Shell and Tube Heat Exchangers are one of the most popular types of exchanger due to the flexibility the designer has to allow for a wide range of pressures and temperatures.Shell and tube heat exchanger is a class of heat exchanger designs. It is the most common type of heat exchanger in oil refineries and other large chemical processes, and is suited for higher-pressure applications. As its name implies, this type of heat exchanger consists of a shell (a large pressure vessel) with a bundle of tubes inside it. One fluid runs through the tubes, and another fluid flows over the tubes (through the shell) to transfer heat between the two fluids. The set of tubes is called a tube bundle, and may be composed of several types of tubes: plain tube, longitudinally finned tube, etc.
The shell and tube exchanger consists of four major parts:
Front Header—this is where the fluid enters the tubeside of the exchanger. It is sometimes referred to as the Stationary Header.
Rear Header—this is where the tubeside fluid leaves the exchanger or where it is returned to the front header in exchangers with multiple tubeside passes.
Tube bundle—this comprises of the tubes, tube sheets, baffles and tie rods etc. to hold the bundle together.
Shell—this contains the tube bundle.
Two fluids for heat transfer in a shell heat exchanger, one that flows through the tube, is called the tube path; a flow outside the pipe, whose travel is known as the shell path.

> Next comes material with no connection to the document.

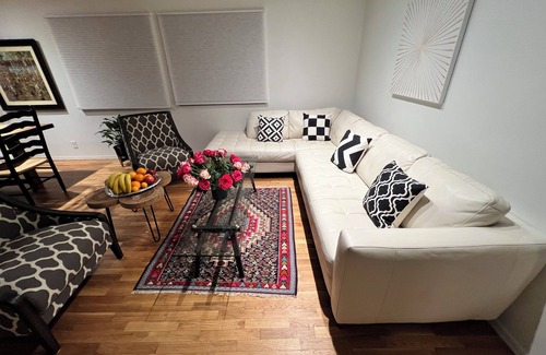 This unique house has a style of its own. One story mid century ranch house tastefully renovated recently into a modern home. It’s open, warm and bright. Hard wood floors in the entire house and tiled bathroom. Gas fireplace in the living room and a functioning wood stove in the kitchen and dining area are great additions for a romantic getaway. The large double sink bathroom has a beautiful walk in shower. All appliances are brand new. Kitchen with a gas stove is fully stocked and inviting.

The wall of the tube bundle is the heat transfer surface. Different types of tubes, the process is generally the diameter of 16mm, 20mm or 25mm three models, pipe wall thickness is generally 1mm, 1.5mm, 2mm and 2.5mm. The inlet heat exchanger has a minimum diameter of 8mm and a wall thickness of only 0.6mm. Greatly improved the heat exchange efficiency, in 2012 has also gradually promoted in the domestic market. The tube bundle design of the shell and tube heat exchanger can maximize the turbulence effect and increase the heat exchange efficiency. The asymmetric design of the inner shell and the tube layer can be up to 4.6 times. This asymmetry design determines its wide application in the field of steam water heat exchange. The maximum heat transfer efficiency can reach 14000w/m2.k, greatly improving the production efficiency and saving the cost.
At the same time, because of shell and tube heat exchanger for metal structure, with the launch of the new version of Chinese GMP, 316L stainless steel heat exchanger will become the beverage, food, and pharmaceutical industry required.